K&R 2-7 - Invert a bitfield from a number

Question

This is my solution to the Exercise 2-7 of K&R C book. The assignment is:

Write a function invert(x,p,n) that returns x with the n bits that begin at position p inverted (i.e., 1 changed into 0 and vice versa), leaving the others unchanged.

Note: It's assumed that the rigthmost bit of a number has position 0.

Example: If x = 8 (00001000 in binary), p = 2 and n = 3, the result should be 20 (00010100), because bits 2, 3 and 4 are inverted.

Code:

#include <stdio.h>

unsigned invert(unsigned x, int p, int n);

int main(void)
{
    // just a test
    printf("%u\n", invert(8, 2, 3));
    return 0;
}

unsigned invert(unsigned x, int p, int n)
{
    /* The right part makes a mask with 1's under the
       desired bits to be inverted. Then, they're inverted
       by X0Ring it and x.
    */
    return x ^ (~(~0 << n) << p);
}

Answer 1

Just a few notes, since the code is so short:

• Put your main after all of your other function declarations so you don't have to declare the function prototypes at the top.

• You don't have to return 0 at the end of main(). The C standard knows how frequently this is used, and lets us omit it.

  C99 & C11 §5.1.2.2(3)

  ...reaching the } that terminates the main() function returns a value of 0.

• Move your comment to the top of the function and explicitly say what the parameters are and what the output will be.

• Your function parameter names could be better:

  unsigned invert(unsigned num, int position, int num_bits)
  

• Those parameters to your function could be declared const

• Does your function perform as is supposed to with negative numbers? Zeros? Other edge cases? You should have more tests in your code to make sure you get the expected behavior, and if not handle those edge cases more appropriately. Use assert from the standard library header <assert.h> to help with this.

Answer 2

Bug

If you do:

invert(0, 0, 32);

Your function returns 0 instead of 0xffffffff. The problem is that in C, if you shift a 32-bit integer by 32 or more bits, it is undefined behavior.

The reason it is undefined behavior involves the very bug you just ran into. You were expecting that if you shift anything left by 32 bits, you would get 0. However, different computer architectures handle shifting by 32 differently. On an x86 target such as your desktop PC, your C compiler will generate this instruction:

shl dest, src

This shift left instruction shifts dest left by src bits. However, the x86 shl instruction will only shift between 0 and 31 bits. If you give it a src value higher than 32, it will simply mask the shift value by 31 like this:

dest = dest << (src & 31)

Because of this, whenever you try to left shift by 32 it actually left shifts by 0 and doesn't shift at all. So in your function, when you shift ~0 << 32 and expect to get 0, you are actually getting ~0 instead.

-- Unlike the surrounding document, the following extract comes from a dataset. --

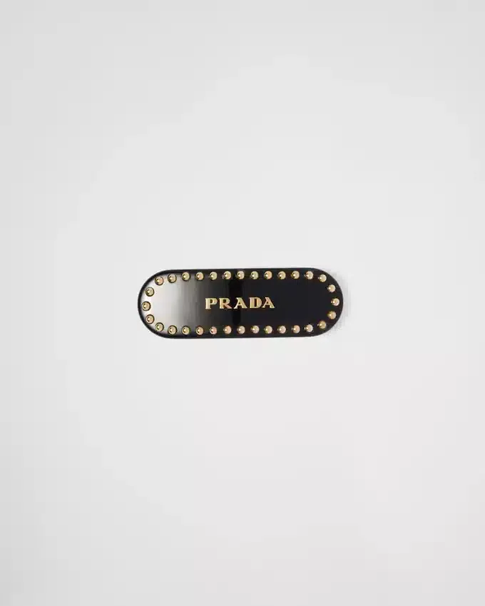 This Hair Clip is Decorated with the Prada Logo and Has Metal Studs.
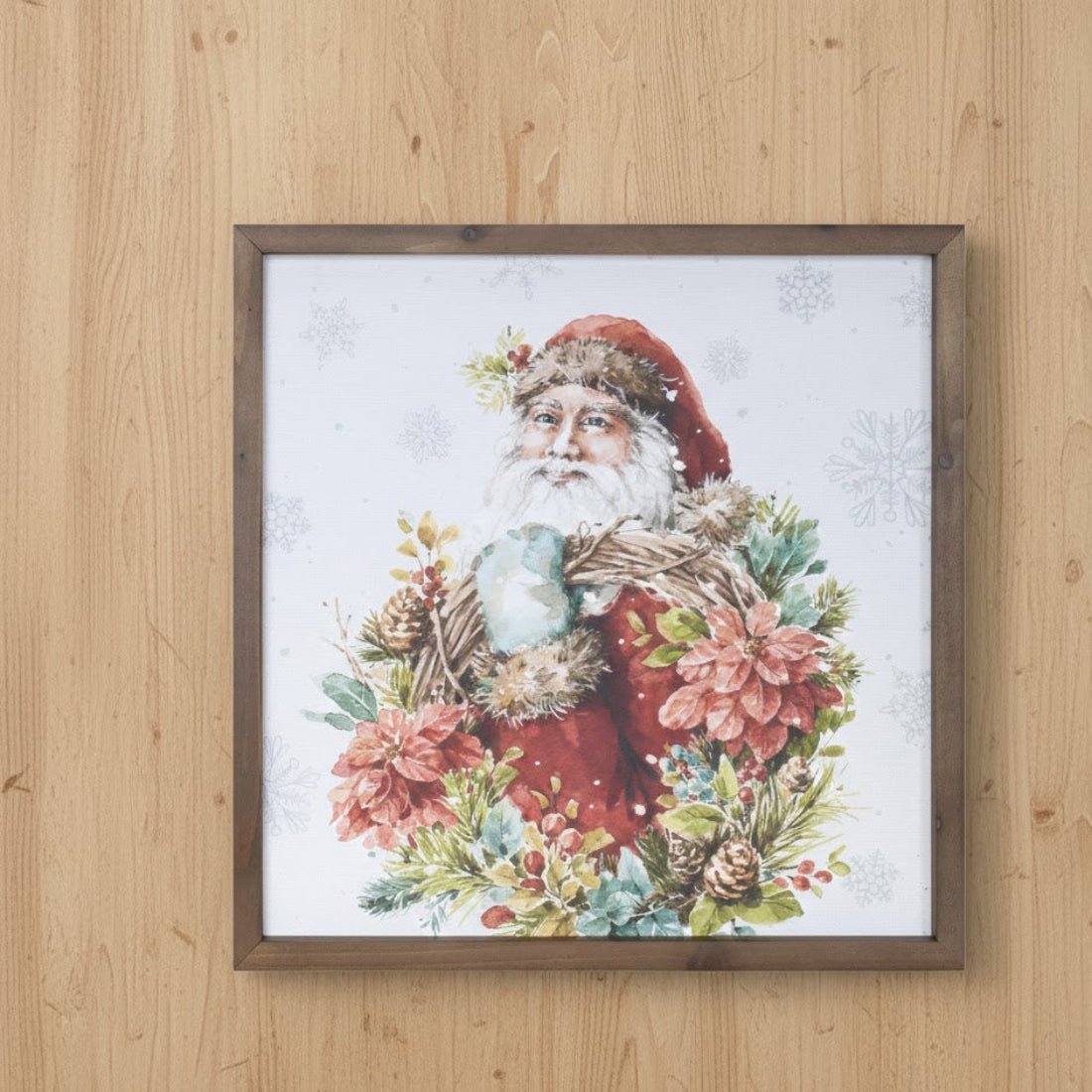 This Christmas wall décor features a Santa print framed in MDF and fir wood for a warm, seasonal look. The watercolor-style artwork shows Santa surrounded by winter florals, pine greenery, berries, and poinsettias against a soft snowflake background. Finished with a rustic wood grain frame, this square wall piece includes a sawtooth hanger for easy mounting. Ideal for living rooms, entryways, or holiday displays, it adds a classic festive touch to seasonal interiors.

Now on other architectures, such as ARM, this behavior is different. ARM's LSL instruction (logical shift left) is defined such that shifting by 32 produces 0, which is more like what you expected to happen.

Fixing the problem

To avoid undefined behavior, you can do a little trick where you shift twice, once by n-1 and another time by 1. This depends on n being limited to the range 1..32:

return x ^ (~(~0U << (n-1) << 1) << p);

Or if you start with the expression that @KIIV suggested (which also invokes undefined behavior), you'd end up with:

return x ^ (((1U << n-1 << 1)-1) << p);

Of course, if n is 0 you'd shift left by -1 which again is undefined. So if n is allowed to be 0, you'd probably be better off just using an if statement to deal with n being too large. While we're at it, we can also check if p is too large because that would invoke undefined behavior as well. So in the end:

if (p >= sizeof(x) * CHAR_BIT)
    return x;
else if (n >= sizeof(x) * CHAR_BIT)
    return x ^ (~0U << p);
else
    return x ^ ((1U << n)-1) << p;

A common mistake

Don't feel bad about making this mistake. For the longest time, I also thought that shifting left by 32 was supposed to result in 0. And even after I learned that it didn't, I've still made the same mistake in my code because it's so easy to forget about this edge case.

It's exacerbated by the fact that shifting is defined differently in other languages. For example, in java, left shifting an int by 32 or more is defined to do the same thing that x86 does, which is mask the shift amount by 31.